Data items
____

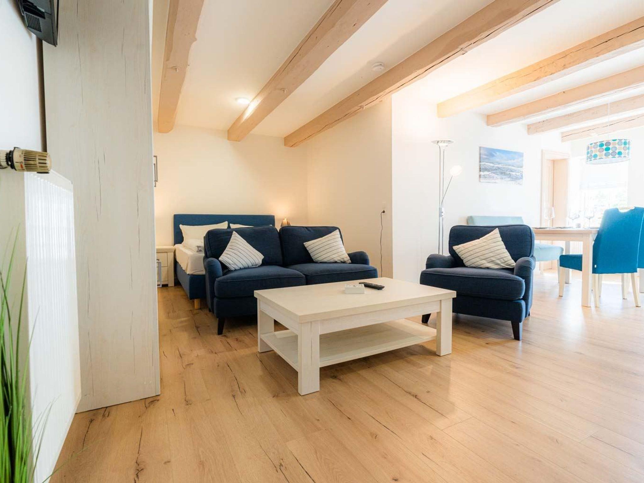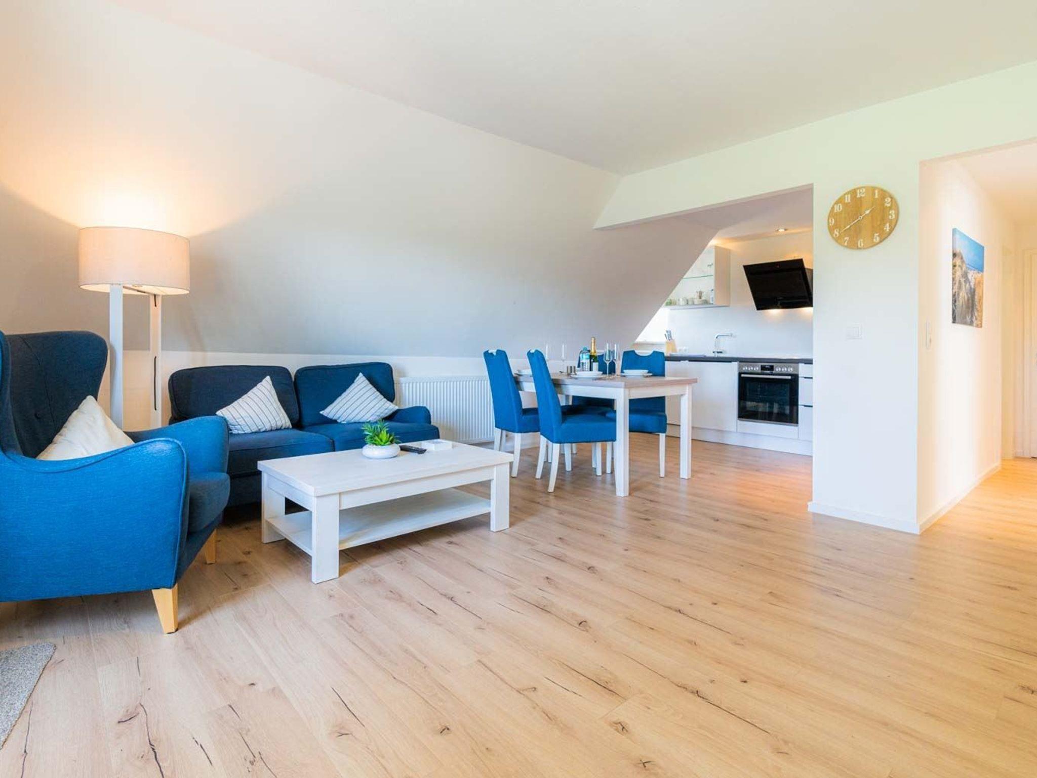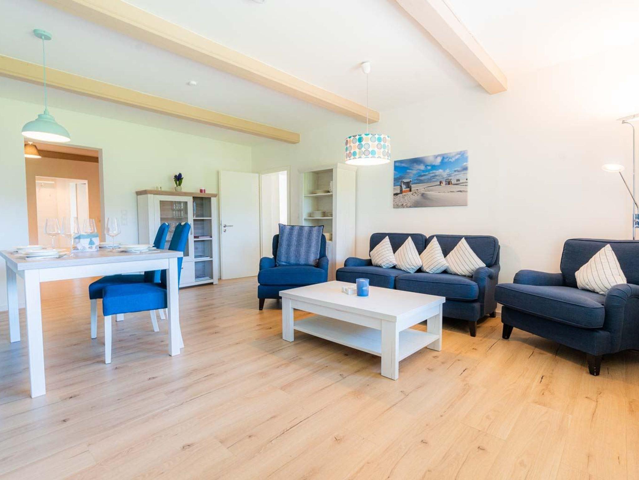 Jede Wohnung verfügt über ein eigenes Wohnzimmer und eine Küche. Insgesamt stehen neun Schlafzimmer und sieben Badezimmer zur Verfügung. Jede Wohnung besitzt eine Terrasse, Sonnenfreisitz oder einen Balkon. Strandkörbe sind vorhanden.
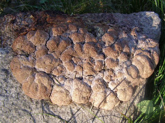 этот, со спорами, может фулиго гнилостный (описание здесь например http://mycoweb.na...ptica.html ), или что-то близкое, слизевик, Занес его в каталог как фулиго гнилостный. Растут где попало, на пнях, а на камне была целая колония, но уже перестарков. |
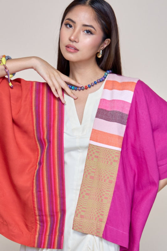 Heritage Poncho Black Linen and Pink Kalinga Weave
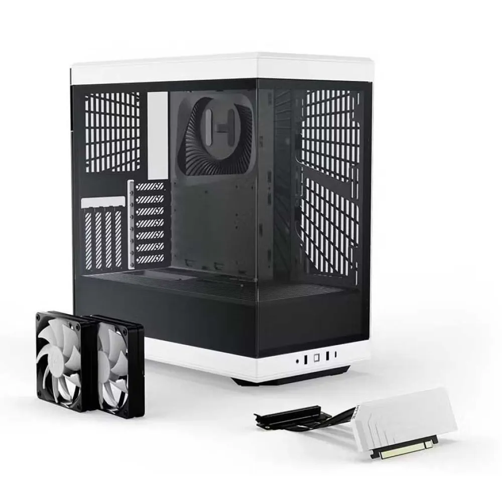 - Le Y40 est livré avec 2 ventilateurs de 120 mm préinstallés, un sous le plancher et un à l´arrière. Le support latéral peut accueillir jusqu´à un radiateur de 280 mm avec une épaisseur combinée de 120 mm, permettant l´utilisation de radiateurs plus grands de plus de 60 mm pour des configurations de boucle personnalisées, et le support supérieur peut accueillir jusqu´à un radiateur de 360 mm pour des configurations à double radiateur. Le Y40 prend également en charge les grands refroidisseurs à air de plus de 180 mm de hauteur, permettant presque tous les refroidisseurs de processeur sur le marché.
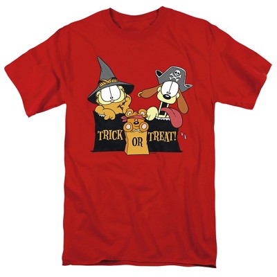 Garfield Trick Or Treat Adult T-Shirt Red

____

> [How to complete this task]:
Nothing but the lines from the line containing "- Le Y40 est" through the last line of the records above is to be extracted, exactly and with no pictures.

> [Response to the task]:
 - Le Y40 est livré avec 2 ventilateurs de 120 mm préinstallés, un sous le plancher et un à l´arrière. Le support latéral peut accueillir jusqu´à un radiateur de 280 mm avec une épaisseur combinée de 120 mm, permettant l´utilisation de radiateurs plus grands de plus de 60 mm pour des configurations de boucle personnalisées, et le support supérieur peut accueillir jusqu´à un radiateur de 360 mm pour des configurations à double radiateur. Le Y40 prend également en charge les grands refroidisseurs à air de plus de 180 mm de hauteur, permettant presque tous les refroidisseurs de processeur sur le marché.
 Garfield Trick Or Treat Adult T-Shirt Red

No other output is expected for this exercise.